**Supplied records**
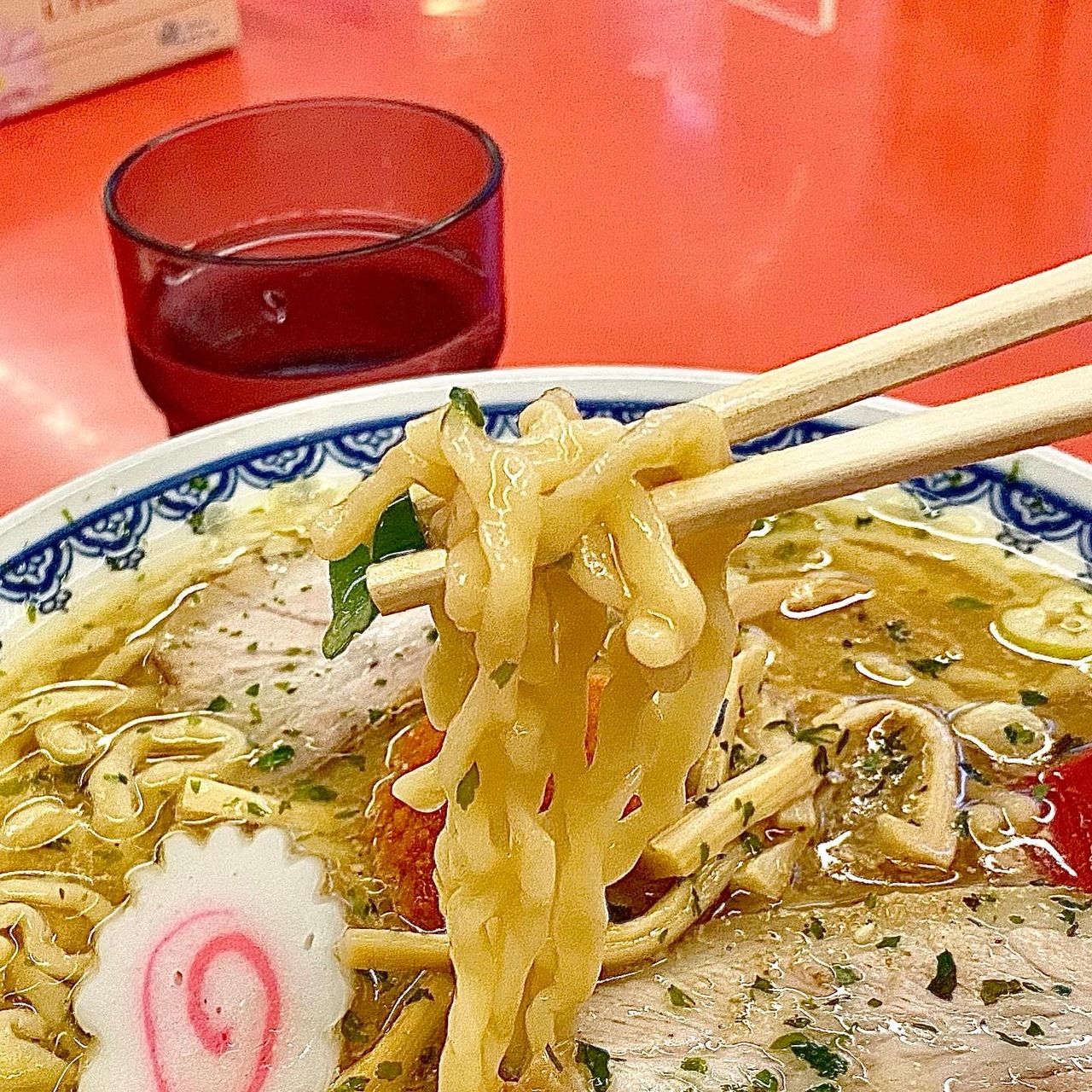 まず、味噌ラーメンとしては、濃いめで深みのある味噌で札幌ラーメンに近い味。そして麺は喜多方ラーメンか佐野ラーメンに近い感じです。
==
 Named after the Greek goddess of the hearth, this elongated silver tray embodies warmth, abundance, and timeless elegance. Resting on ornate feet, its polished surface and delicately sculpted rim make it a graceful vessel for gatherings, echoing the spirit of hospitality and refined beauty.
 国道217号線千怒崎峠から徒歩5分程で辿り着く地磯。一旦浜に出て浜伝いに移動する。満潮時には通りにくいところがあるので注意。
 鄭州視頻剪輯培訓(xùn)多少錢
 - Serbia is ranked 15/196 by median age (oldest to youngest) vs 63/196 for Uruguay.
---
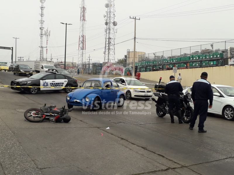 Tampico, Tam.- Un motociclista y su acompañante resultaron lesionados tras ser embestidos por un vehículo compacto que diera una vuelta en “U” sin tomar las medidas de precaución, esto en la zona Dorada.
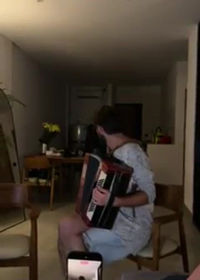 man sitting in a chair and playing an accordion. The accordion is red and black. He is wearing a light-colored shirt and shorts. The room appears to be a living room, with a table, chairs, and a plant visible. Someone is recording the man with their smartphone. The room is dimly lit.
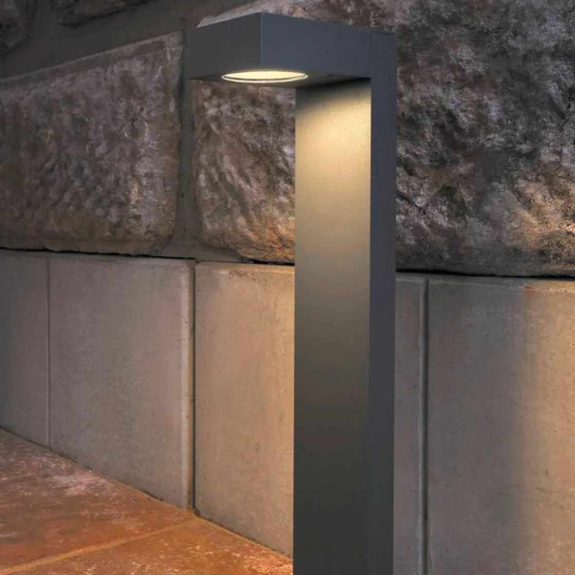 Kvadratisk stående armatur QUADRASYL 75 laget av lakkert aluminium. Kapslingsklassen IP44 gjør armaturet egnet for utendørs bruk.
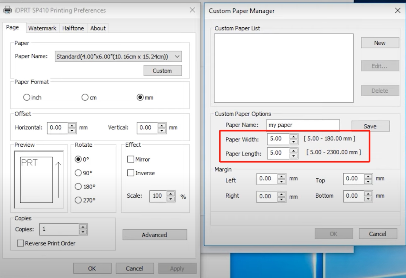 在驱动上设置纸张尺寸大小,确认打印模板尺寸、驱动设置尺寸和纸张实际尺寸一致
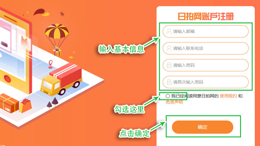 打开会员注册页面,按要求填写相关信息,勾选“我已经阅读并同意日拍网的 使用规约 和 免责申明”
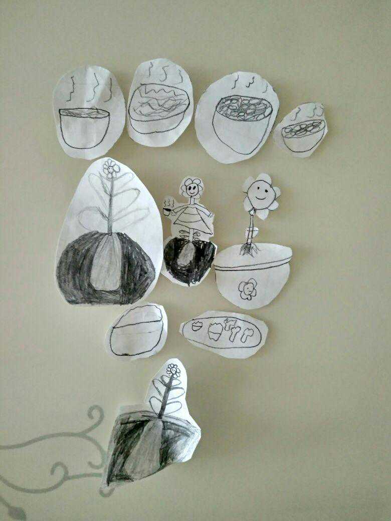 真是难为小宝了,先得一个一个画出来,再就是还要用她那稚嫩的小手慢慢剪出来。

**Task goal**
From the data above, retype only the lines starting with the line with "在驱动上设置纸张尺寸大小,确认打印模板尺寸、驱动设置尺寸和纸张实际尺寸一致" and going on through the line with "真是难为小宝了,先得一个一个画出来,再就是还要用她那稚嫩的小手慢慢剪出来。", exactly, leaving out the pictures.

**Written answer**
 在驱动上设置纸张尺寸大小,确认打印模板尺寸、驱动设置尺寸和纸张实际尺寸一致
 打开会员注册页面,按要求填写相关信息,勾选“我已经阅读并同意日拍网的 使用规约 和 免责申明”
 真是难为小宝了,先得一个一个画出来,再就是还要用她那稚嫩的小手慢慢剪出来。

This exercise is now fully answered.